阻塞方法:                       

waitingTimeElapsed = !moreMemory.await(remainingTimeToBlockNs, TimeUnit.NANOSECONDS);

还支持部分内存申请

 // we'll need to allocate memory, but we may only get

 // part of what we need on this iteration

freeUp(size - accumulated);

int got = (int) Math.min(size - accumulated, this.availableMemory);

this.availableMemory -= got;

accumulated += got;

自己申请完毕后,将自己从waiters中移除,并通知下个排队的人进入,很“友好”,

// remove the condition for this thread to let the next thread

                // in line start getting memory

                Condition removed = this.waiters.removeFirst();

                if (removed != moreMemory)

                    throw new IllegalStateException("Wrong condition: this shouldn't happen.");

 

                // signal any additional waiters if there is more memory left

                // over for them

                if (this.availableMemory > 0 || !this.free.isEmpty()) {

                    if (!this.waiters.isEmpty())

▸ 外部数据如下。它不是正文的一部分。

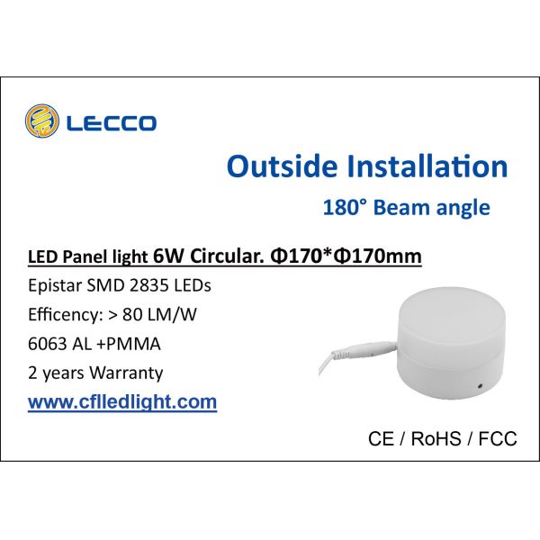 | Type | 180° Beam Angle Surface Mounted LED Panel Light Circular 90 * 55 mm 6W | |
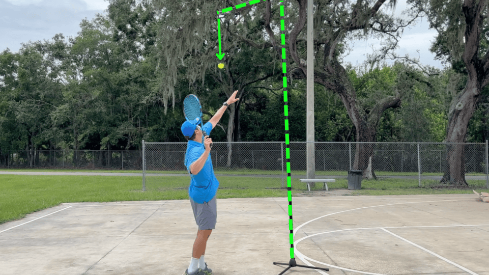 If your toss is inconsistent, focus on a straight lift from the shoulder with no spin or wrist action.The Serve Stand acts as your toss target, it represents your contact point and shows you whether you’re releasing too early or too late.

                        this.waiters.peekFirst().signal();

                }

最后释放锁,至此整个申请过程完毕。

 

接下来我们看释放内存的方法deallocate

 

/**
     * Return buffers to the pool. If they are of the poolable size add them to the free list, otherwise just mark the
     * memory as free.
     * 
     * @param buffer The buffer to return
     * @param size The size of the buffer to mark as deallocated, note that this maybe smaller than buffer.capacity
     *             since the buffer may re-allocate itself during in-place compression
     */
    public void deallocate(ByteBuffer buffer, int size) {
        lock.lock();
        try {
            if (size == this.poolableSize && size == buffer.capacity()) {
                buffer.clear();
                this.free.add(buffer);
            } else {
                this.availableMemory += size;
            }
            Condition moreMem = this.waiters.peekFirst();
            if (moreMem != null)
                moreMem.signal();
        } finally {
            lock.unlock();
        }
    }

 代码很简单,如果是缓存池缓存队列规格大小的缓存,则直接入队列,否则,对availableMemory扩容,最后唤醒队列的第一个“同学”,去 拿内存吧,这就是整个释放的逻辑。

 

    整个BufferPool到此学习完毕,BufferPool的核心作用就是管理kafka producer端的异步发送缓存区的内存申请和释放,设计的优劣直接决定了Kafka producer端的可用性。其中对poolableSize的Bytebuffer进行cached和利用deque保证公平性的设计,都值得我们借鉴和学习。

 

2. ProducerInterceptors &&  ProducerInterceptor

    

public ProducerInterceptors(List<ProducerInterceptor<K, V>> interceptors) {
        this.interceptors = interceptors;
    }

 

 

     其实ProducerInterceptors 可以看作是ProducerInterceptor的包装,构造函数就是传入一个ProducerInterceptor的列表,然后依次调用。这里我们重点关注ProducerInterceptor接口

先看代码

    public ProducerRecord<K, V> onSend(ProducerRecord<K, V> record);
    public void onAcknowledgement(RecordMetadata metadata, Exception exception);
    public void close();

 

 

总共的api就是三个,onSend在KafkaProducer#send方法调用时调用,并且在key和value进行序列化以及parition指定之前调用,需要注意onSend方法的返回是ProducerRecord,通过这点可以判断ProducerInterceptor应该是支持拦截链的,并且可以对ProducerRecord进行拦截修改哦吐舌头;onAcknowledgement在服务器接收到结果的时候(This method is called when the record sent to the server has been acknowledged, or when sending the record fails before

     * it gets sent to the server.);close是在interceptor关闭的时候。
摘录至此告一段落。